In this project, we try, as much as possible, to use Numpy, Pandas, and Matplotlib tools for different steps in the pipeline. However, at certain points, we also need to use some modules from the scikit-learn package which are not part of this course (you may ignore them). We invite you to pay more attention on how Numpy, Pandas, and Matplotlib tools are employed in the data processing pipeline.

In [None]:
# Updating the scikit-learn package to the latest version
!pip install scikit-learn --upgrade

In [None]:
# Importing Packages
import pandas as pd
import numpy as np
import matplotlib.pyplot as plt
from sklearn.datasets import load_diabetes
from sklearn.linear_model import LogisticRegression
from sklearn.tree import DecisionTreeClassifier
from sklearn.naive_bayes import GaussianNB
from sklearn.ensemble import RandomForestClassifier
from sklearn.metrics import accuracy_score, confusion_matrix

## 7.5 Loading the Data and Early Data Inspection

Here, we first load the dataset and then cast the feature matrix and target vectors into Panda dataframe and series, respectively. We can use the `head` function from Pandas to check the feature matrix:

In [None]:
# Load the dataset
data = load_diabetes(scaled=False) # The daya by default is loaded in a Bunch type (an internal scikit-learn class)
X = pd.DataFrame(data.data, columns=data.feature_names)
y = pd.Series(data.target)
feature_names = data.feature_names

X.head()

We can further use `info` function to check the features for missing values and their data types:

In [None]:
X.info()

Finally, the `describe` function can be used to calculate some statistics on the features. The derived statistics can give us some general information about the features. For example, what are the ranges of different features (given the mean, min, and max), or whether we have some outliears in the data (checking the difference between the mean and min/max). However, extracting high-level information by eyeballing vast amount of numbers is not always straightforward. This is why we usually use data visualization.

In [None]:
X.describe()

We can do the same for the outcome measure.

In [None]:
y.describe()

It seems the outcome measure is a continuous variable. Since in this totorial, we are interested in classifying high-risk diabetes patients from the low-risk ones, we need to convert the continuous outcome measure to a binary target variable. To this end, we can use the median as a threshold on the outcome measure. This is an arbitrary choice in this demonstration. We use median to come up with a balanced class distribution. You may try also mean but then you need to deal with unbalanced class distribtuion. This results in a binary labels with 0 for low-risk and 1 for high-risk patients.

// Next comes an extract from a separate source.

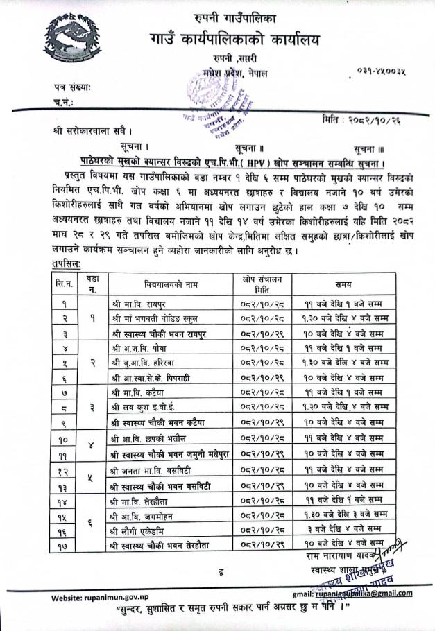 पाठेघरको मुखको क्यान्सर विरुद्धको एच.पि.भी.(HPV) खोप संचालन सम्बन्धी सूचना |

Pay special attention on how we use Numpy built-in functions and operations to implement this conversion. 

In [None]:
# From continuous to binary outcomes 
threshold = np.median(y)  # 
y_binary = np.where(y > threshold, 1, 0)

## 7.6 Exploratory Data Analysis

The purpose of Exploratory Data Analysis (EDA) is multi-fold:

- **Understand Data Characteristics**: EDA helps in getting a feel for the data, understanding its structure, and recognizing patterns or anomalies. This includes identifying data types, checking data dimensions, and recognizing data quality issues such as the presence of missing or outlier values.

- **Summarize Main Features:** It involves summarizing the main characteristics of the dataset. This includes using statistics for central tendency (like mean, median) and dispersion (like standard deviation, interquartile ranges) and visual tools like histograms, box plots, and scatter plots.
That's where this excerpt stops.